Another thing...when the scriptures in John are talking about being ‘born of the Spirit”...the Spirit of God is the One who does the “birthing”. You cannot “make” yourself be born again. Our part is just to BELIEVE, and God does all of the work! Once you are re-born - you cannot be un-born. Once you are His child, nothing can change that. Just like my boys will always be my children, no matter what! The transformation cannot be reversed! Isn’t that awesome?
Also - being saved doesn’t just mean you say you’re sorry for your sin, and decide you’re going to “turn over a new leaf.” You can’t be “good” enough. IMPOSSIBLE. Here’s what saves you - BELIEVE that Jesus died on the cross in your place, to pay for your sins. Accept Him as Savior by placing your trust in Him, because He’s the only one capable of forgiving that sin debt. HE IS OUR ONLY HOPE. We are absolutely helpless on our own. Another quote from Stanley’s book says, “...the transformation of your spirit is the sovereign work of God; you cannot make it happen by any means other than believing.”
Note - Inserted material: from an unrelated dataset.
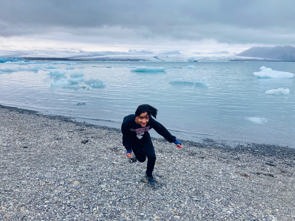 This depressing news made me very sad and when we got back to the hotel I finished the rest of the bottle of Olafsson Icelandic gin while Jo and the kids got into the nice wooden hot tub that was filled with hot water without requiring fossil fuels. In the morning we went back to stare at Jökulsárlón some more and to walk along it’s shores and up to the swirling blocks of ice on the beach on the Atlantic side. In the very last photo Evan is running along the lake like a freak. Behind him and across the lake is Breiðamerkurjökull. To the right there is a brown hulking mass of a rocky mountain sloping up above the glacier. The four of us were up there on the ice yesterday for the walk of a lifetime! Thank you, Iceland.

In Ephesians, it says that we were “dead in trespasses and sins.” Guess what? A dead man can’t do anything for himself - there is no other option than for God to do the work! No work or good deed we could do would even come close anyway - we are helpless and hopeless without Him. We have ABSOLUTELY NOTHING to do with the work of salvation. We only trust, believe, and rely on what Christ did FOR us. Simple, child-like faith. That’s all.
As I said, I’ve known all this stuff for years...but it did my soul a lot of good to let it sink in a little deeper today. Friends...if you don’t know for sure that you’ll go to heaven when you take your last breath, you NEED to make sure. TODAY. None of us are promised another breath.
Thank you, God, that my eternity does not depend on me. It depends on YOU. It’s 100%, completely, in Your hands! Thank you that even though I’ve turned away from You and broken Your heart countless times, I am still, and will always be Your child. Help me, Lord, from this day forward, to please You in all I do and say, and to walk with You daily. Amen.